Keine drohende Gefahr mehr?
Ein Problem, das die Mercedes-Modelle dieser Ära plagte, war ein vermeintlich umweltfreundlicher Kabelbaum, der im Laufe der Zeit der Hitze des Motorraums ausgesetzt wurde und in seine ursprünglichen Bestandteile zerfiel. Erfreulicherweise stellt der Verkäufer dieses Benz fest, dass sein Motorraum-Kabelbaum durch eine überarbeitete Version ersetzt wurde, die kein so schändliches Schicksal erleiden wird.
Das ist so ziemlich das einzige große Problem, mit dem Besitzer der W124-Serie konfrontiert sind. Klar, das sind immer noch alte deutsche Autos, mit den Macken und Problemen, die fast alle älteren Autos haben – nur mit einem deutschen Touch – also ist es am besten, das beste Auto zu kaufen, das man finden kann. Dieser E320 wird mit einem sauberen Titel, zwei Schlüsselanhängern, dem werksseitigen Windabweiser und einem Satz Reifen mit sehr wenigen Kilometern geliefert. Außerdem scheint es in einem hervorragenden Zustand zu sein, bis hin zum makellos sauberen Motorraum. Sollten hier Arbeiten nötig sein, geht es zumindest einigermaßen sauber vonstatten.

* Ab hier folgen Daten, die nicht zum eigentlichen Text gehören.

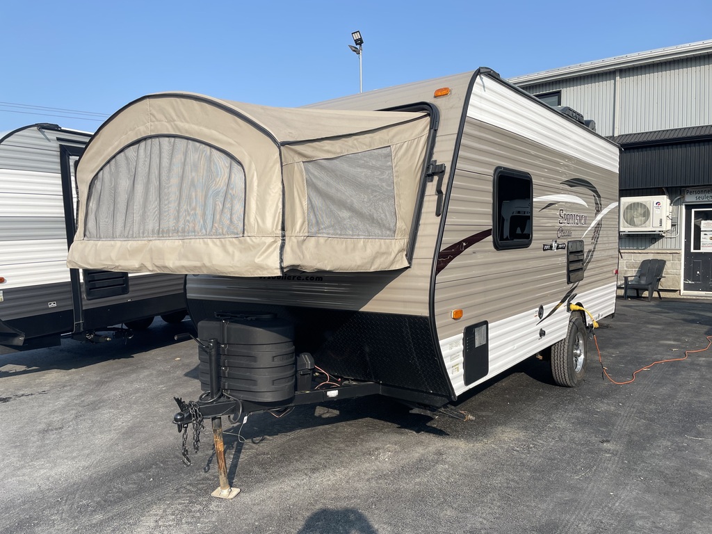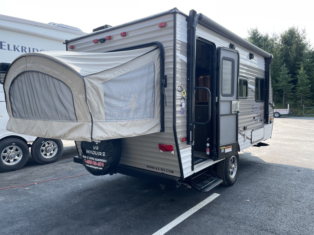 SPORTSMEN 160RBT 2019 PAR K-Z, LONGUEUR DE PLAN DE PLANCHER DE 16 PIEDS, LONGUEUR HORS TOUT DE 18.83 PIEDS, ROULOTTE POUVANT ACCUEILLIR JUSQU'À 8 PERSONNES POUR DORMIR, PNEU DE SECOURS, AUVENT ÉLECTRIQUE, POIDS DE SEULEMENT 2700 LBS, 2 GRANDS LITS DE 74'' X 54'', BANQUETTE LIT DE 70'' X 38'', BANC POUVAIT FAIRE UN LIT DE 69'' X 41'', ESPACES DE RANGEMENT RENDANT L'HABITACLE TRÈS FONCTIONNEL TOUT EN GARDANT LES COMMODITÉS SUIVANTES; GRAND FRIGO AVEC CONGÉLATEUR FONCTIONNANT AU PROPANE, MICRO-ONDES, FOUR AU PROPANE À 3 RONDS AVEC HOTTE, AIR CLIMATISÉ, CHAUFFE-EAU, CHAUFFAGE, FOYER, BAR DE SON ET ENCORE PLUS! TRÈS BELLE ROULOTTE AVEC BEAUCOUP DE RANGEMENT! COUP DE COEUR ASSURÉ! VOUS CHERCHEZ UNE BELLE ROULOTTE DE QUALITÉ AU MEILLEUR PRIX ALORS, NOUS AVONS CE QU'IL VOUS FAUT. CELLE-CI EST LA PLUS BELLE DU MARCHÉ. ROULOTTE VENDU INSPECTÉE ET GARANTIE. PASSEZ NOUS VOIR AU 174 ROUTE DU PRÉSIDENT KENNEDY, BEAUCEVILLE, G5X 1P4, À SEULEMENT 40 MINUTES DES PONTS DE QUÉBEC. LIVRAISON DISPONIBLE PARTOUT AU QUÉBEC! PROFITEZ DE NOTRE FINANCEMENT RAPIDE ET FAÇILE. POUR PLUS D'INFOS, SANS FRAIS 1-888-799-0874, BUREAU 418-774-5066, CELL OU MESSAGE TEXTE KEVIN 418-386-0025 AU PLAISIR DE VOUS SERVIR ET À BIENTÔT! TOUJOURS LES MEILLEURS PRIX DU MARCHÉ WWW.AUTOMAGUIRE.COM *** NOUVEAUTÉS CHAQUE SEMAINE ***

Bargeld für den Unterricht
Nehmen wir also an, Sie sind einem dieser Country-Clubs beigetreten, in denen sich die Wohlhabenden und diejenigen treffen, die ihre Kreditkarten so sehr ausstrecken, dass sie mit ihnen herumtollen. Würde dieser E320 mit seiner dauerhaften Klasse und seinem Elan immer noch einen Eindruck hinterlassen? Genauer gesagt: Würden die wohlhabenden Leute die Nase rümpfen, wenn sie feststellen, dass es nur 15.499 US-Dollar kostet?
Was denken Sie? Hat dieser Benz noch das Zeug, zu beeindrucken? Und wenn ja, wie beeindruckt sind Sie von dem geforderten Preis von 15.499 US-Dollar? Scheint das eine kluge finanzielle Investition zu sein? Oder ist das zu viel Geld für einen Country-Club-Anwärter?